Hackers praised the accuracy, but they still think Anonymous masks are ominous and cool. But do you know what isn’t accurate? The notion that the Adonis-like Chris Hemsworth could convincingly play a hacker. Get back to me after you deprive Hemsworth of Vitamin D and pump him full of Mountain Dew Code Red. (Which, come to think of it, is a decent title for a sequel.)
4. Tomorrowland
Director Brad Bird brings us another stunning visual feast, but it’s just so darn optimistic and wishy-washy that you can’t help but hate it.
It’s sweeping and whimsical and very long. The highwire swirl of comic book action feels kind of like 60 2-minute trailers for a way better movie that never materializes. Tomorrowland gives you plenty to look at, but leaves you with nothing to think about.
3. Vice
Maybe Bruce Willis had to pay some country club annual dues.
He stars in the film as a businessman who owns an exclusive island resort stocked with robots.
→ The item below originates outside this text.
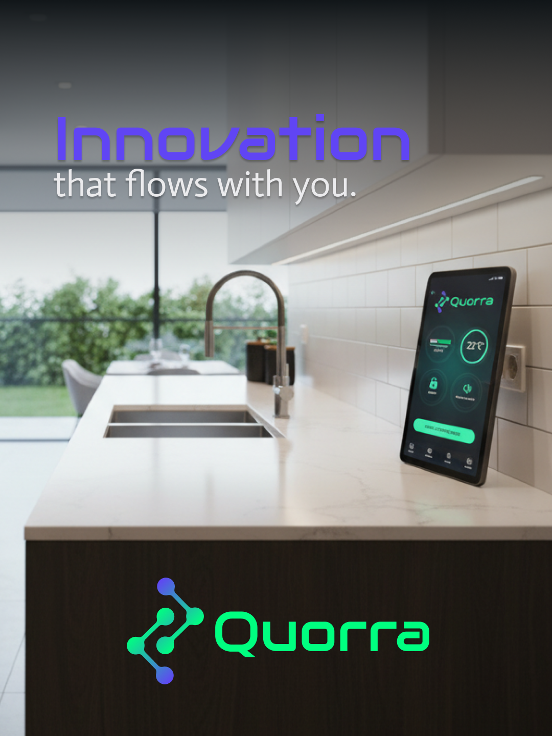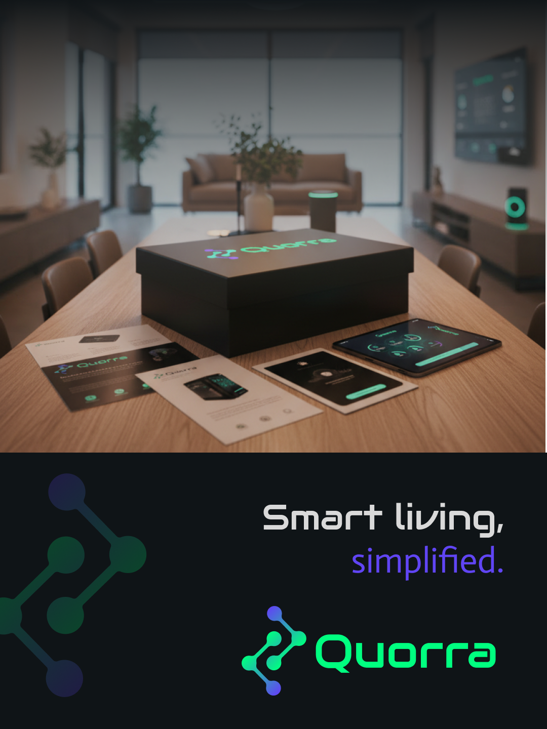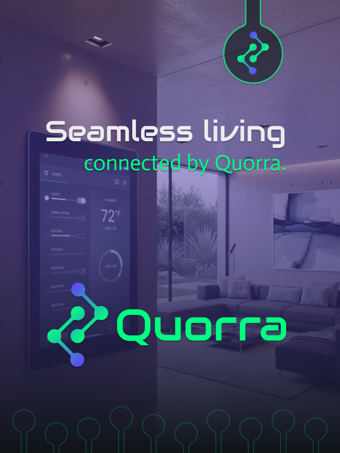 Quorra is a smart home system that seamlessly connects you to every aspect of your home, inside and out. Its design embodies a modern aesthetic, featuring a bold green paired with a subdued blue as the core brand colors. The overall visual identity is crafted to feel simple, intuitive, and effortless.

His super-rich clients can “live our their wildest fantasies,” which are pretty much bad violence and sex, but – gasp – one of the robots becomes self-aware!
Maybe you’ll have a better time if you double-feature Ex Machina and then Vice. The Ex Machina plot seems so real and so frighteningly inevitable, this Bruce Willis stinker will help lull you back into a sense of security.
2. Chappie
I’ll probably get some heat for this one, but Chappie failed to deliver on the promise of its trailer. A robot with a “REJECT” sticker on his forehead makes friends with gangsters played by equally unsubtle people. Mix in a bunch of explosions and a police state. Nobody asked what would happen if Wall-E met Robocop in South Africa, but unfortunately, you can now find out for yourself.
If you Google “Chappie,” the first three results are links to pirated versions. The IMDB appears fourth. Somehow that should tell you all you need to know.
1. Self/less
The ability to download consciousness is the beginning of a rich premise (and maybe not that farfetched), but this movie sucks out all the depth. Director Tarsem Singh further muddies the water with a bunch of hallucinations and the result is a fast-paced movie that is wind-sprinting to nowhere.
Sir Ben Kingsley (really, dude?) is diagnosed with terminal cancer, and he luckily finds the business card of a guy who can download Kingsley’s brain into a brand-new lab-grown body. That body is none other than Ryan Reynolds, which isn’t a bad start (Note to self: pitch Xzibit on Pimp My Lab-Grown Body).
Just because it’s Christmas and Christmas is when you tell the truth: I couldn’t finish it.
That’s all, folks. No more movies to talk about for 2015. Shut your computer and go talk to your family!